• [DATA FOR PROCESSING]:

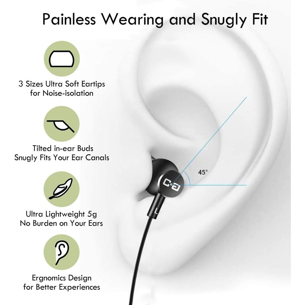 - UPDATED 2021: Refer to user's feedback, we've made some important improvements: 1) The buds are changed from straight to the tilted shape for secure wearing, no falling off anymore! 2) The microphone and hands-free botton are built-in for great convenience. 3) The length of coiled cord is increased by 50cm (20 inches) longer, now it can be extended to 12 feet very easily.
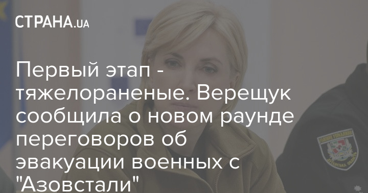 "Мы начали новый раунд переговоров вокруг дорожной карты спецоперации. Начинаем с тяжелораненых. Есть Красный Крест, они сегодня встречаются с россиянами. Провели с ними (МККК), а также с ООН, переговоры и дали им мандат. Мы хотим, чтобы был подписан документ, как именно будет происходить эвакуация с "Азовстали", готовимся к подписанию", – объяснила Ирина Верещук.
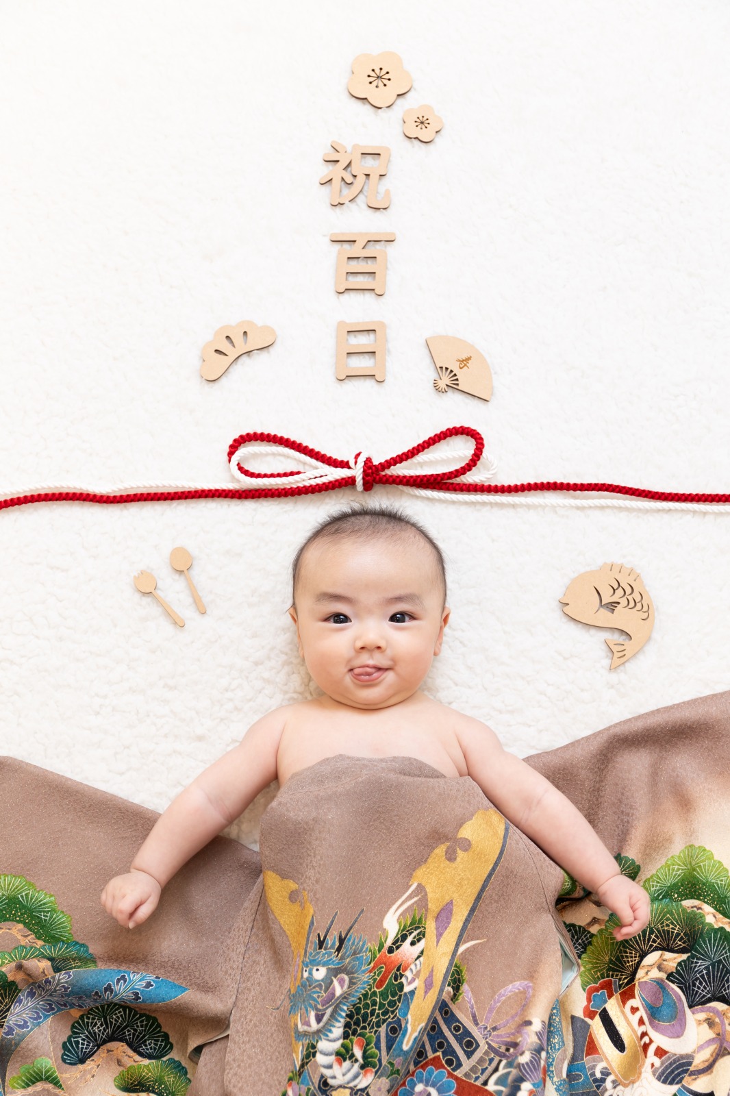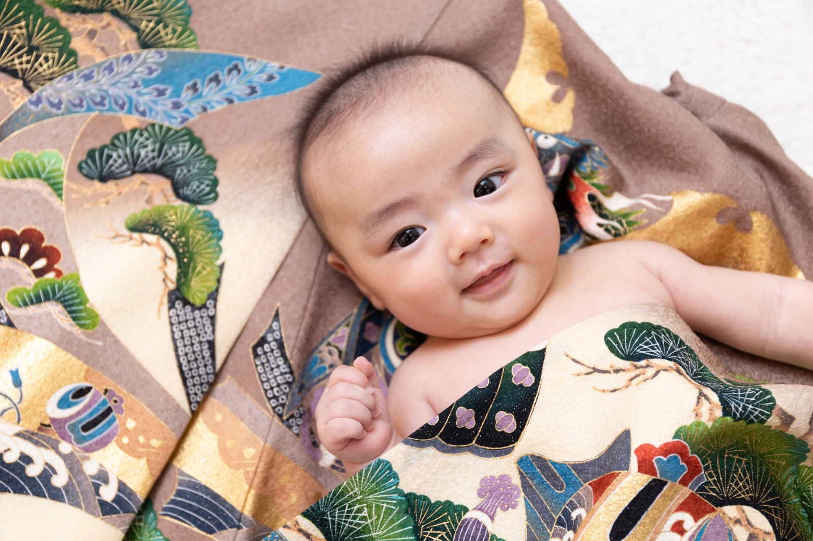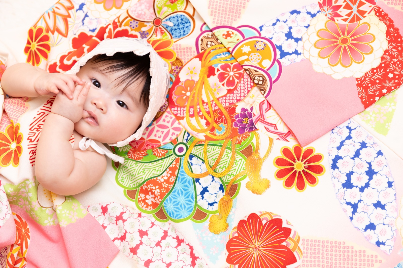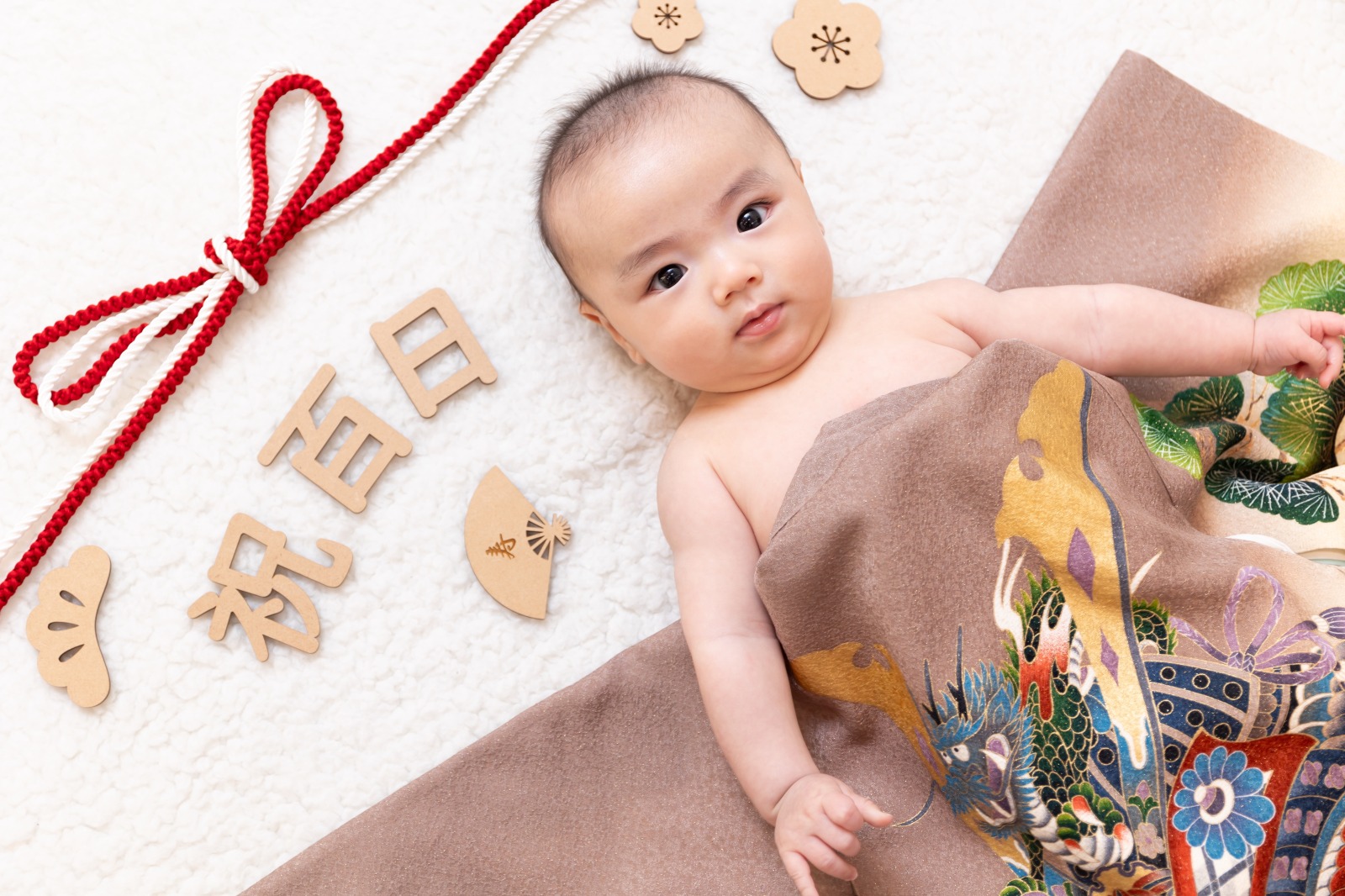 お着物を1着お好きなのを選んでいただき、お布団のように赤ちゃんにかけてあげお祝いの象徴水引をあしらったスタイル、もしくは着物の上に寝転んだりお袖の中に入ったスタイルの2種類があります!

...

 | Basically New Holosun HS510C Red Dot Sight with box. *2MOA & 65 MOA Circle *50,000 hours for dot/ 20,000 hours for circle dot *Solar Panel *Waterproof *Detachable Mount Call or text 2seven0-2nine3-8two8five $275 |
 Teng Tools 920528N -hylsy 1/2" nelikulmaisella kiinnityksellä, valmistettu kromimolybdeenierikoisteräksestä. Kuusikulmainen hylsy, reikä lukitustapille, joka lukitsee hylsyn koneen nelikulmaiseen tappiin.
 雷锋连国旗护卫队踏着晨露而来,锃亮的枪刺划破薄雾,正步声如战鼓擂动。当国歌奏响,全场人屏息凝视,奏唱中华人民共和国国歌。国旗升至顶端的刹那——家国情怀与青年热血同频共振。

• [TASK REQUIREMENTS]: Set down again, word for word, every line from the one with "- UPDATED 2021: Refer" to the one with "お着物を1着お好きなのを選ん" in the entries above, and omit the pictures.

• [EXPECTED ANSWER]:
 - UPDATED 2021: Refer to user's feedback, we've made some important improvements: 1) The buds are changed from straight to the tilted shape for secure wearing, no falling off anymore! 2) The microphone and hands-free botton are built-in for great convenience. 3) The length of coiled cord is increased by 50cm (20 inches) longer, now it can be extended to 12 feet very easily.
 "Мы начали новый раунд переговоров вокруг дорожной карты спецоперации. Начинаем с тяжелораненых. Есть Красный Крест, они сегодня встречаются с россиянами. Провели с ними (МККК), а также с ООН, переговоры и дали им мандат. Мы хотим, чтобы был подписан документ, как именно будет происходить эвакуация с "Азовстали", готовимся к подписанию", – объяснила Ирина Верещук.
 お着物を1着お好きなのを選んでいただき、お布団のように赤ちゃんにかけてあげお祝いの象徴水引をあしらったスタイル、もしくは着物の上に寝転んだりお袖の中に入ったスタイルの2種類があります!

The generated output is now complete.